759 三八式歩兵銃などは、M98アクションなどのメジャーなライフルに比べてロックタイムが長いのでしょうか…?
gew98のウィキペディアを見ると、こんな事が書いてありました。
撃針の移動距離は以前のモーゼル機構よりも短縮され、射手が引鉄を操作してから撃針が薬莢の雷管を突くまでの時間(ロッキングタイム)を減らす効果があった。

ということは、ボルトアクションが完成されたM98以降のモーゼルアクションはロックタイムに改善が加えられていると。

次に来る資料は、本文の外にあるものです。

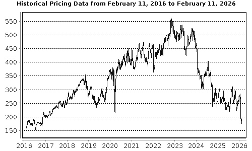 The graph below illustrates the performance of Humana's common stock for the period indicated, based on the daily closing levels as reported by Bloomberg, without independent verification. UBS has not conducted any independent review or due diligence of any publicly available information obtained from Bloomberg. The solid line represents its coupon barrier and downside threshold of $122.78, which is equal to 70.00% of the closing level on February 11, 2026. Past performance of the underlying asset is not indicative of the future performance of the underlying asset during the term of the Notes. |
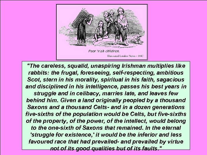 "The careless, squalid, unaspiring Irishman multiplies like rabbits: the frugal, foreseeing, self-respecting, ambitious Scot, stern in his morality, spiritual in his faith, sagacious and disciplined in his intelligence, passes his best years in struggle and in celibacy, marries late, and leaves few behind him. Given a land originally peopled by a thousand Saxons and a thousand Celts- and in a dozen generations five-sixths of the population would be Celts, but five-sixths of the property, of the power, of the intellect, would belong to the one-sixth of Saxons that remained. In the eternal 'struggle for existence, ' it would be the inferior and less favoured race that had prevailed- and prevailed by virtue not of its good qualities but of its faults. "
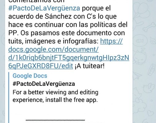 Al margen, existen otros muchos grupos de Telegram, Whatsapp y todo tipo de aplicaciones mediante las cuales se comparte, distribuye y difunde la propaganda podemita.
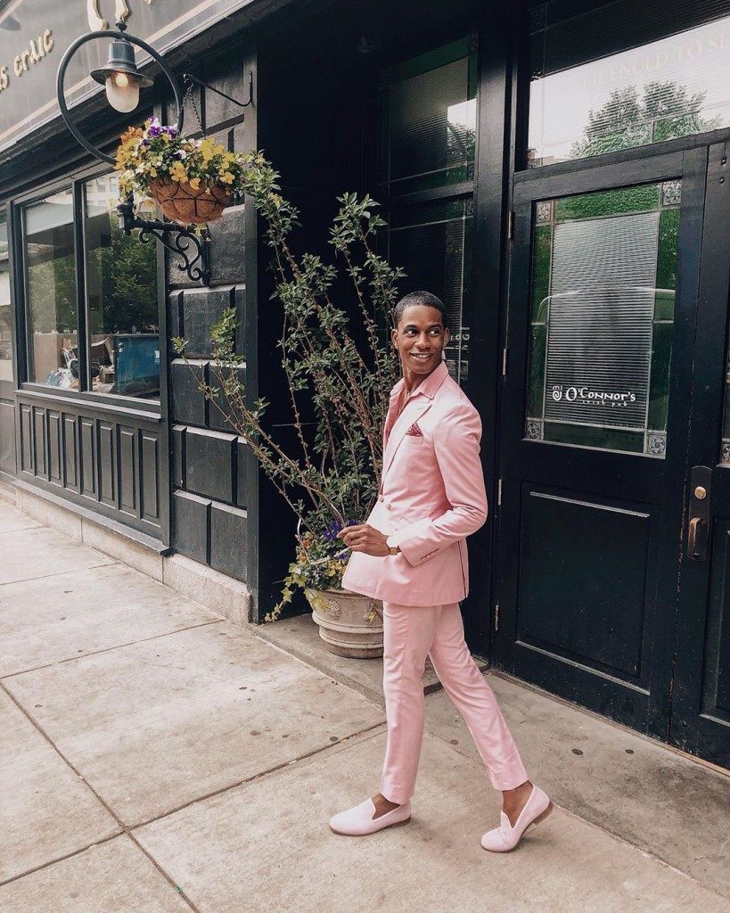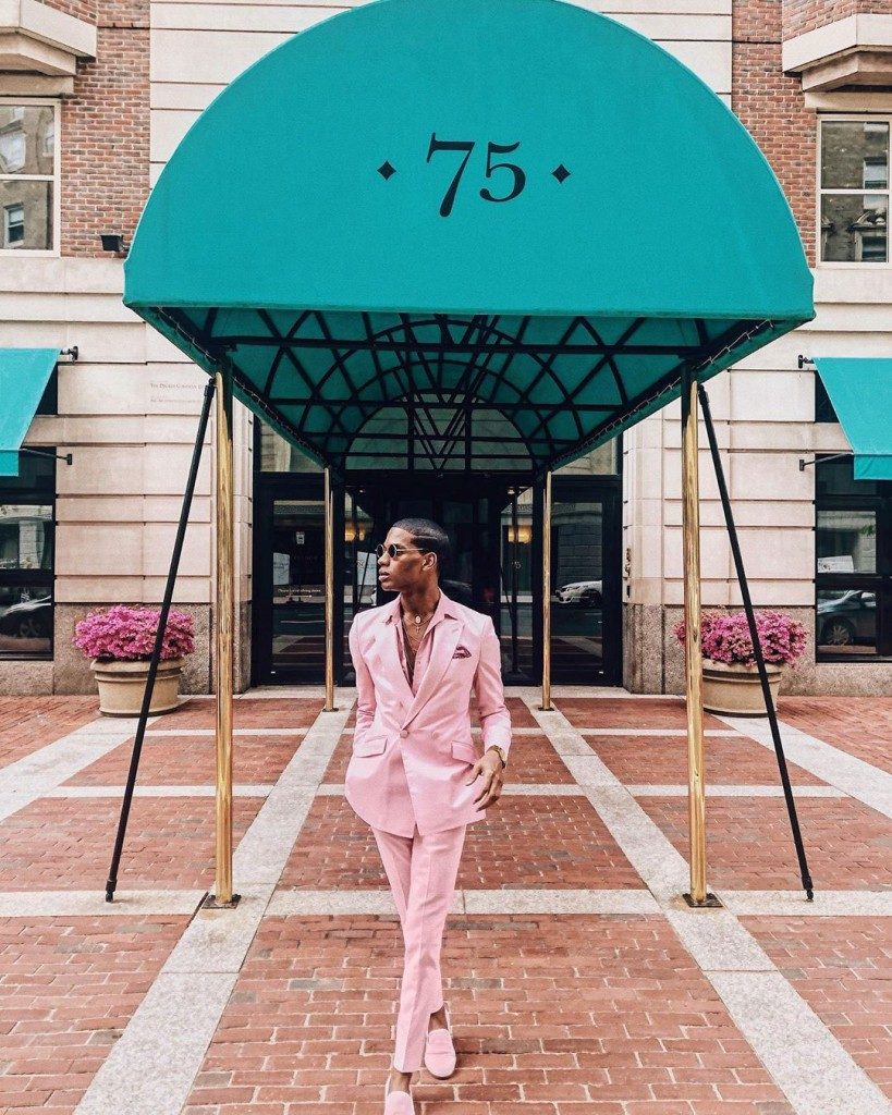 Denola, who has added acting to his many crafts, shared photos from his current vacation in Boston, USA, showing us how to rock an all pink ensemble as a guy. It’s definitely an all pink affair on this one; Pink single button double-breasted suit by Rhobes Clothing Co, pink shirt, paired with an equally pink Duke & Dexter loafers. He accessorised with a pink pock square, multiple gold necklaces and gold wristwatch.
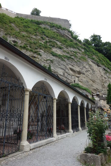 Über den Gruftarkaden befinden sich im Mönchsberg Felshöhlen (alte Kapellen samt einer Einsiedelei), die seit dem 17. Jahrhundert fälschlicherweise als Katakomben bezeichnet werden.

しかし、三八式のもとの三十年式は、M93モーゼルという少し古いタイプのモーゼルアクションが下敷きです。コックオンクロージングの。
このまま受け取るとまるで、M93モーゼルがベースの三八式は少々分が悪いと見えます。
そして直接確認した情報ではないですが、ターク高野氏曰く、「三八式はロックタイムが遅い」と評したという書き込みが。
https://detail.chiebukuro.yahoo.co.jp/qa/question_detail/q1389112443

軍用銃なのでトリガーが重いのはいくらか目をつむるとしても、ロックタイムが長いとちょっと距離が離れるだけで差がついてしまいますが、三八式/九九式などは大丈夫なのでしょうか。
パンジャンドラム

  1. 言い方を変えます。大丈夫かどうか、ではなく三八式のロックタイムはM98アクションからみれば劣るレベルにあったのでしょうか。大丈夫じゃなかったら採用されませんね。
    僕は全般的に有坂銃がそう遅れをとるものであって欲しくないという気持ちではあります。
    パンジャンドラム


  2. 所謂ストライカータイプ・ボルトアクションライフルのロックタイムとは具体的にどれくらいか御存知ですか。
    射撃競技用銃、狙撃専門銃で3ミリセック、レミントン700で3〜5ミリセック、一般の軍用ボルトアクションライフルなら5〜8ミリセックです。
    その数値比較すれば短いものと長いもので2倍以上の開きですが、解りやすく書けば3〜8/1000 秒です。

    ベンチレスト射撃の様な超精密射撃で弾着測定して云々をしない限り、一般の人間はこの1000分の何秒の発火差を感じ取れません。

    むしろ弾薬メーカー違いや発射薬&雷管による差異の方が発火時間に影響が大きく、経験豊富な射手なら良い弾、悪い弾を感じ取れます。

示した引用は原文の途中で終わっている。